Traditions had a way of helping me to feel safe, by the repetitiveness and assumed predictability of it. When I later went on the live on my own, I would do my best to continue to participate in those family traditions, by coming home for the holidays and trying to then replicate in my life on my own, or with partners. Then, when I became a parent, it felt important and necessary to create traditions for my child, with my own family, to carry on.

 

Then, life changes. People move. Loved ones die. Everything grows, evolves, ages and passes away. And, tradition feels less like reality, and more like a Hallmark movie that portrays an image that we feel almost desperate to uphold. 

 

I have no judgment about tradition, and I actually feel pretty neutral about it at this point in my life. However, I have come to understand all of the pressure that I have put upon it in my life, to live it by portraying a specific image of myself, or creating unfair expectations of others.

 

Even if we observe traditional practices, they will never look the same way twice.

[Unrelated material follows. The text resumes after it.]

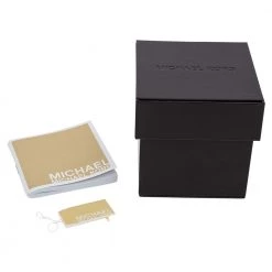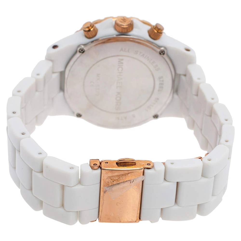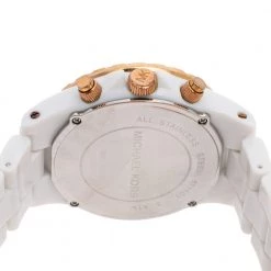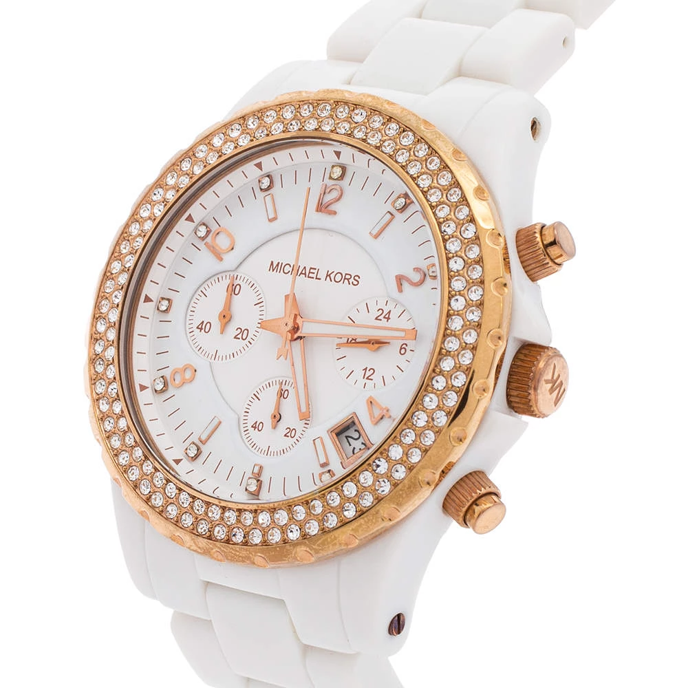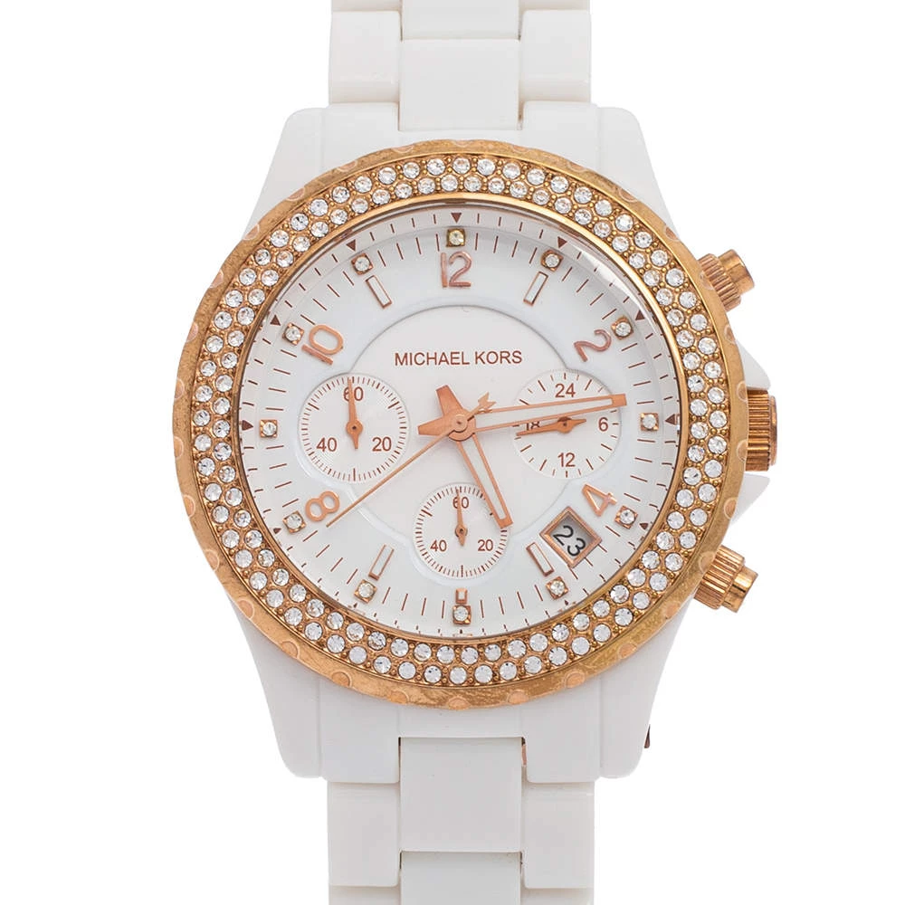 Designed with an embellished bezel, this Michael Kors Jet Set MK5379 wristwatch knows how to charm its way to your esteemed collection of elegant timepieces. The sophisticated rose gold-tone stainless steel and plastic case of this quartz watch is detailed with a white dial that flaunts crystal-studded hour markers, three hands, a date window, and three subdials for the chronograph function. The link bracelet is secured using a push-button deployment clasp and the watch is equipped with a water resistance of 50 meters.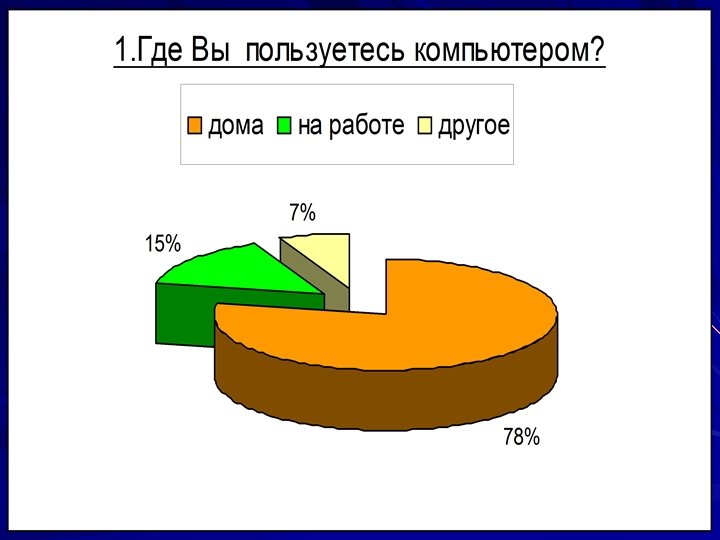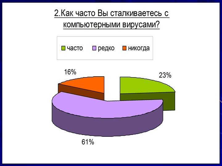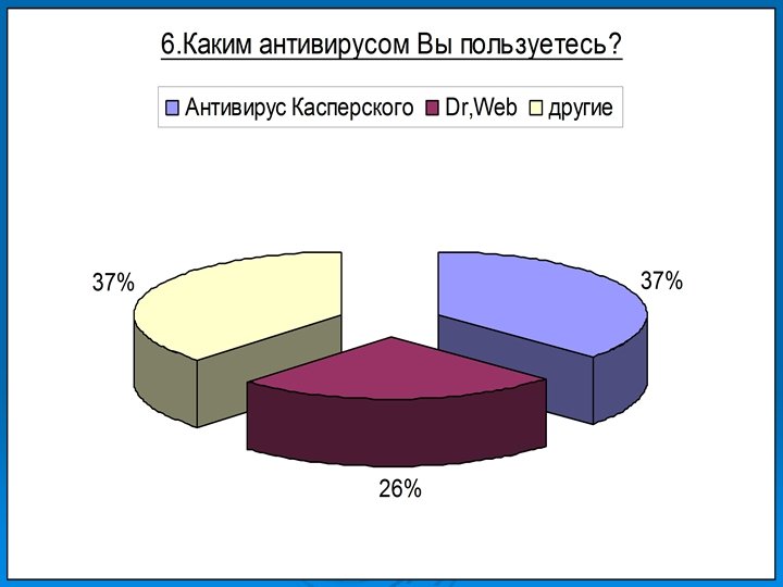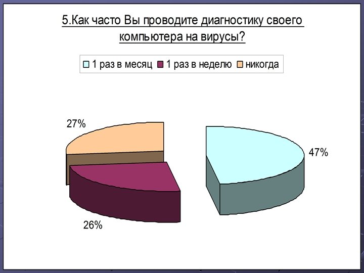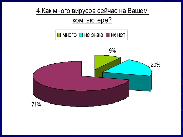 Приложение 2. Статистический опрос 1. Где Вы пользуетесь компьютером? 2. Как часто Вы сталкиваетесь с компьютерными вирусами? 3. Что Вы делали при встрече с вирусами? 4. Как много вирусов сейчас на Вашем компьютере? 5. Как часто Вы проводите диагностику своего компьютера на вирусы? 6. Каким антивирусом Вы пользуетесь?

And, although we often want to see that as a loss, when things change especially, unexpectedly, it becomes a great opportunity to accept and even, celebrate things being just as they are. For years, I wanted to create traditions with my son, that he would remember as being ours, and that would somehow prove to me how important we are to him as he grows. However, I feel much less burdened by those unnecessary expectations, when I can just enjoy and treasure any way in which I observe the holidays. I now listen deeply within, to what would feel really loving, and inspiring, as a way to spend the holidays. I have released the expectation and been more in the moment with them than ever before.

 

And, the beauty of that is, enjoying each moment as it is, and appreciating each person as they are. What a gift, indeed.